Я поднялся на холм и еще раз внимательно осмотрелся вокруг. Над зарослями джиды и турангила покачивались серебристо-сиреневые метелки камыша. Дальше заросли становились выше и гуще, начинался настоящий лес. В вечереющем небе кружились птицы, какие — отсюда не разглядеть.

— Буйна-а-ак! — крикнул я. Голос прозвучал негромко и жалобно. Я набрал полную грудь воздуха и закричал изо всех сил: — Буйна-а-а-к-е-е-ей!

В кустах испуганно шарахнулся какой-то зверек. Я вздрогнул и оглянулся. По верхушкам зарослей было заметно, в какую сторону он удирал. Я проследил его до самой чащи и уже хотел снова крикнуть, как вдруг увидел, что сквозь заросли по направлению ко мне кто-то движется. Почему-то я сразу решил, что это Буйнак.

Она медленно вышла из кустов и остановилась у подножия холма, понуро опустив голову. Такой я еще никогда ее не видел: бока ввалились, шерсть слиплась в клочья, вся в репьях и грязи, глаза тоскливые, уже ни на что не надеющиеся.

Пока я сбегал с холма, Буйнак легла на редкую пожелтевшую траву, уронив голову на передние лапы. За эти несколько часов она словно постарела на десять лет.

Я хотел обнять ее и не решился.

— Хлеба тебе принес, — сказал я, чувствуя себя бесконечно виноватым перед нею.

Буйнак даже не взглянула на меня.
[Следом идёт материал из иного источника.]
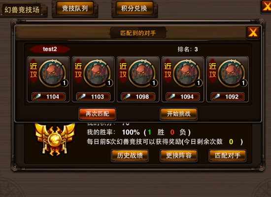 幻兽在养成后,就可以参加幻兽竞技场,其实这里可以组建幻兽战队来的,挑选个头最大的上去准没错,赢了有积分,排名,输了会掉。有些同学的排名上不去一般都是胜率太低。

Она была права. Многие годы она верой и правдой служила нашей семье, охраняла овец лучше, чем иные пастухи, рожала сторожевых псов, стерегла дом и кочевье, любила нас всех, даже отца, и вот теперь…

Колючий комок подкатил к горлу, мешал мне дышать.

Конечно, Буйнак была права. Ведь мы прогнали ее из дому. Привезли вместе со щенками в тугай и бросили — живи как хочешь. Представляю, что она о нас думает. О нас… Но ведь я не хотел, я…

Буйнак подняла голову, и в глазах ее промелькнуло новое выражение. «Ты не виноват, — казалось, говорили ее глаза. — Я не обижаюсь на тебя».

Я опустился на колени и прижался лицом к ее морде.

— Хочешь, я останусь с вами? Будем вместе жить в тугае.

Буйнак вздохнула и отодвинулась от меня. Теперь в ее глазах были жалость и укоризна. «Глупый, разве люди живут в тутаях? Люди должны жить с людьми. Это нам, собакам, все равно где жить».

— Неправда, — сказал я.

«Правда», — моргнула Буйнак.

Она видела меня насквозь. Ее невозможно было обмануть. Мы оба понимали это.

— Мы останемся друзьями.

«Да».

— Я буду навещать вас.

«Да».

— Часто-часто.

«Нет. Приходи изредка. У тебя будет много своих забот».

Она потянулась ко мне, просунула морду мне под мышку. Некоторое время мы сидели молча. Я чувство вал, как гулко бьется ее сердце. Прошелестел ветер в зарослях. Каркнула, пролетая над нами, ворона. И опять наступила тишина.

— Где Карауз? — спросил я.

Буйнак осторожно высвободилась из моих рук и поглядела в сторону тугая. Я вскочил и подобрал с земли лепешки.

— Пойдем к ним.

Казалось, Буйнак колеблется.

— Пойдем, пойдем, — торопил я.

Она решилась и медленно затрусила к зарослям. Я поспешил следом.

Наша тропинка была похожа на узкий желто-зеленый туннель в зарослях. Ее наверняка протоптало зверье — взрослому человеку здесь пришлось бы пробираться ползком.

Я шел следом за Буйнак, низко пригнувшись и отводя от лица колючие ветви джиды. Местами приходилось опускаться на четвереньки. Тропинка была устлана сухими листьями камыша. Я порезал руку, но не подавал виду и старался не отставать от Буйнак.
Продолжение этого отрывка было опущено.